練習場では、各番手のキャリー(着弾地点)をしっかり確認してください。ストロングロフトのアイアンはラン(転がり)も出やすいため、キャリーとランの比率を知っておくことで、グリーンをオーバーするミスを防ぐことができます。
また、大きな番手になればなるほど、ロフト角の差による飛距離の開きが顕著になります。逆にショートアイアンはそれほど飛距離が変わらないと感じることもあるでしょう。全番手を一度計測し直すことで、ステルス アイアンの性能を100%武器に変えることができます。
アイアンの打ち方の基本は「クラブの性能に任せること」です。ステルス アイアンは特にその傾向が強く、リラックスしてスイングすることが成功の秘訣です。
ステルス アイアンのロフト角を知って最適な1本を選ぼう
ステルス アイアンのロフト角について詳しく見てきましたが、いかがでしたでしょうか。このアイアンの最大の魅力は、7番で28度というストロングロフト設定でありながら、驚くほどの球の上がりやすさと寛容性を両立している点にあります。

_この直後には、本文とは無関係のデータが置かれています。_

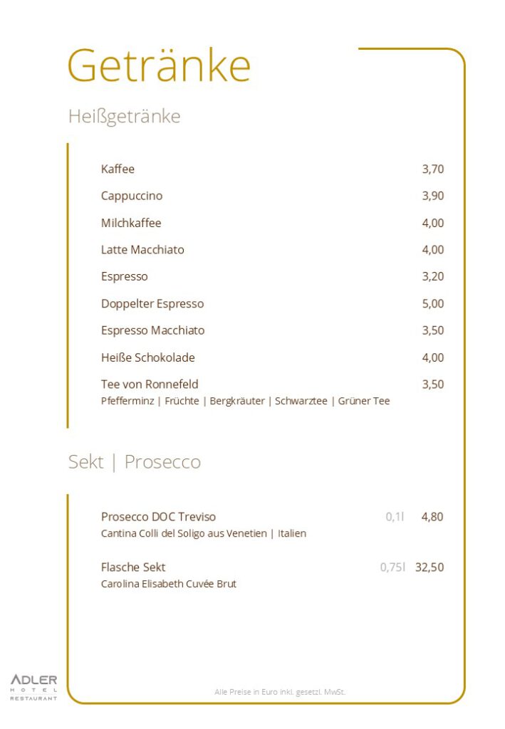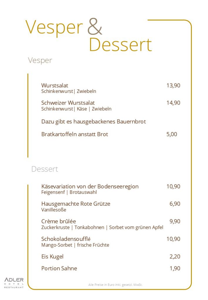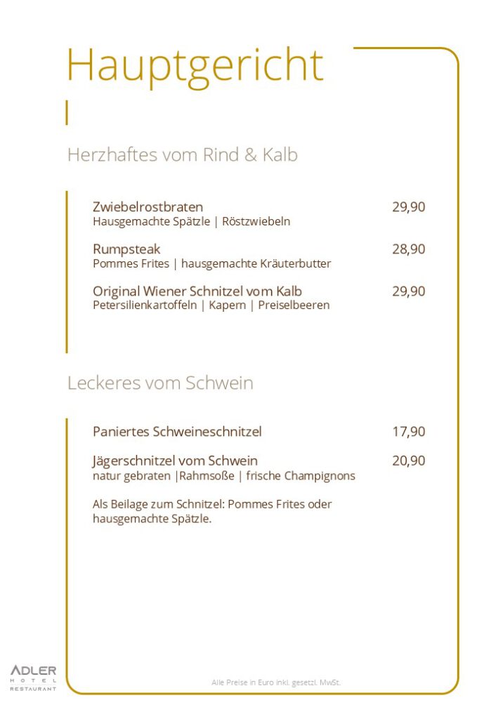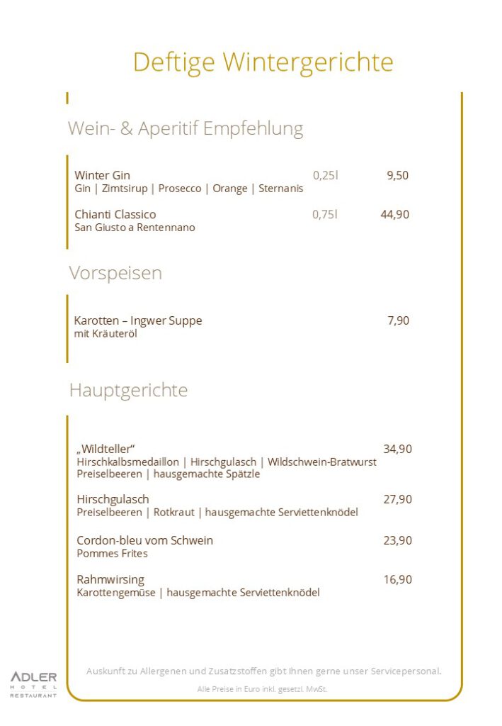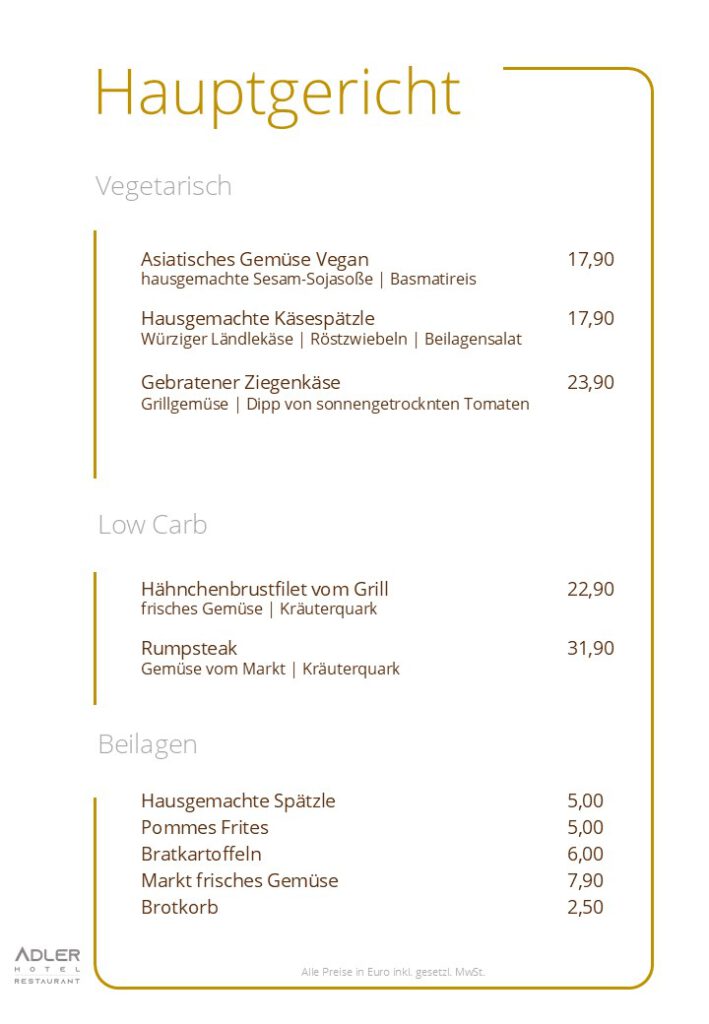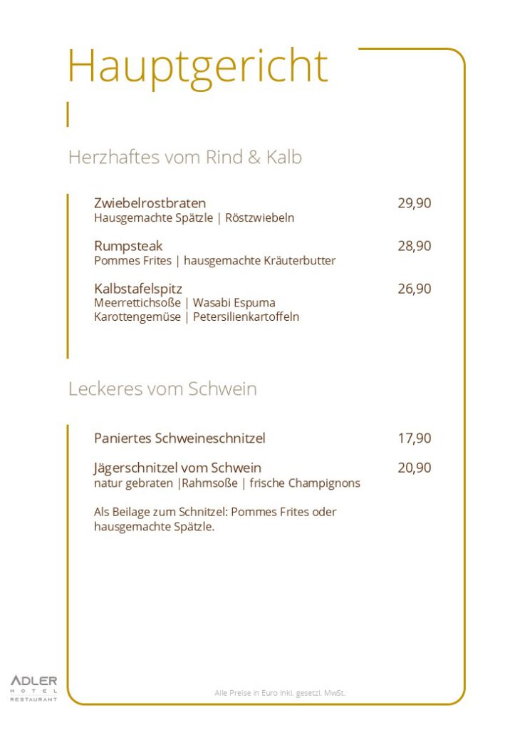 (Küche 11:30 – 14:00 Uhr & 17:00 – 21:00 Uhr)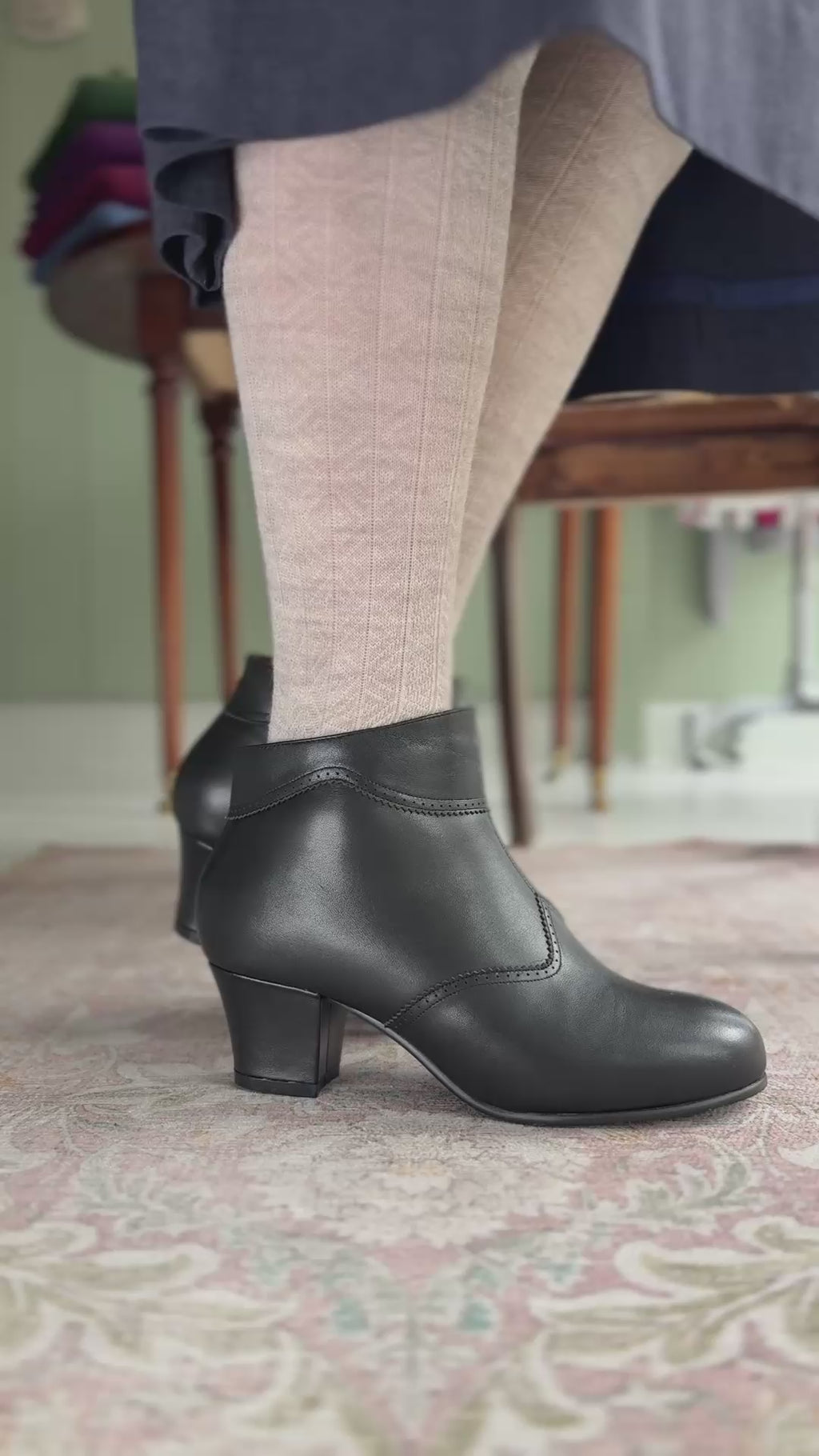1940s Winter Ankle Boots – Black – Marion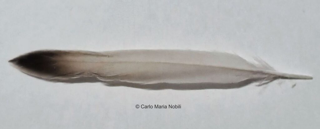 Feder des Großgefieders mit melaninhaltiger Spitze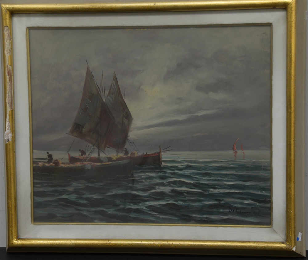 Firma indecifrata "Paesaggio con pescatori" olio su masonite (cm 40x50) firmato in basso a destra, in cornice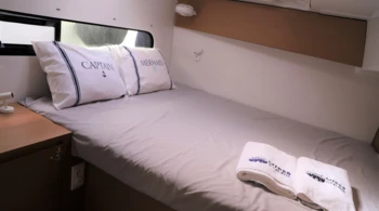 - Dans le cas d'une location avec skipper, vous devez lui attribuer une cabine pour son couchage et lui donner accès à une salle de bain.
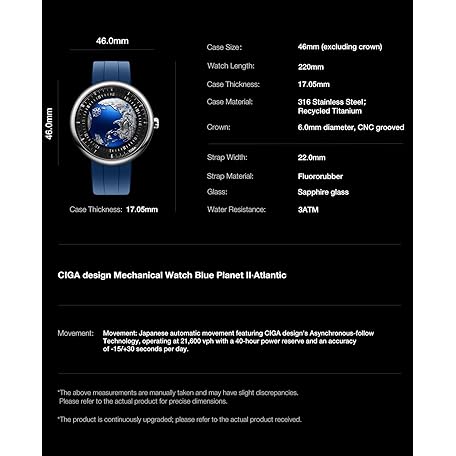 Thông tin sản phẩm CIGA Design Mechanical Automatic Watch Blue Planet II·Atlantic, Round Stainless Steel Case, Earth-Like dial Design, Luminous Version, Premium Fluororubber Strap Watches Gifts for Men and Women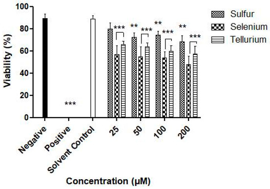 10 µL of nematode suspension were added to each well of a 96-well plate. Suspensions of the nanosized samples (sulfur, selenium and tellurium) were then added into the wells to achieve final concentrations of 25, 50, 100 and 200 µM. Afterwards, the final volume in each well was adjusted to 100 µL by adding Phosphate Buffered Saline (PBS pH = 7.4). PBS and ethanol (10 µL per well) were used as negative and positive control, respectively. Each experiment was performed independently on three different occasions and in triplicate (n = 9). Living and dead nematodes were counted under the microscope prior to treatment, and the viability fraction (V0) was calculated (usually > 0.9). After 24 h, the V24 fraction was calculated by once more counting the living and dead nematodes. 50 µL of lukewarm water (50 °C) was added to each well to stimulate the nematodes prior to counting. After 24 h, the viability was calculated and expressed as a percentage of initial viability V0 according to Equation (1):

改めて、ステルス アイアンのロフト角に関するポイントを振り返ります。
・標準モデルの7番は28.0度で、従来のアイアンより約2番手飛ぶ設定
・トウラップテクノロジーなどの最新技術により、立ったロフトでも高弾道が打てる
・ステルス HD(30度)やステルス グローレ(27度)など、モデルによって特性が異なる
・PWが43度と飛ぶため、下の番手(AWや単品ウェッジ)の構成がスコアメイクの肝になる
・無理に上げようとせず、クラブの低重心性能を活かした払い打ちがベスト
アイアンに「飛距離」と「やさしさ」の両方を求めるゴルファーにとって、ステルス アイアンは非常に心強い存在です。ロフト角の数値を正しく理解し、それに合わせたウェッジセッティングや打ち方を心がけることで、あなたのゴルフはよりシンプルで楽しいものになるでしょう。
もし購入を迷っているのであれば、まずは28度というロフトが生み出す圧倒的な初速を、試打などで体感してみてください。今のアイアンでは届かなかった距離が、楽に狙えるようになる喜びをぜひ味わっていただきたいと思います。自分にぴったりのロフト設定を見つけて、ベストスコア更新を目指しましょう。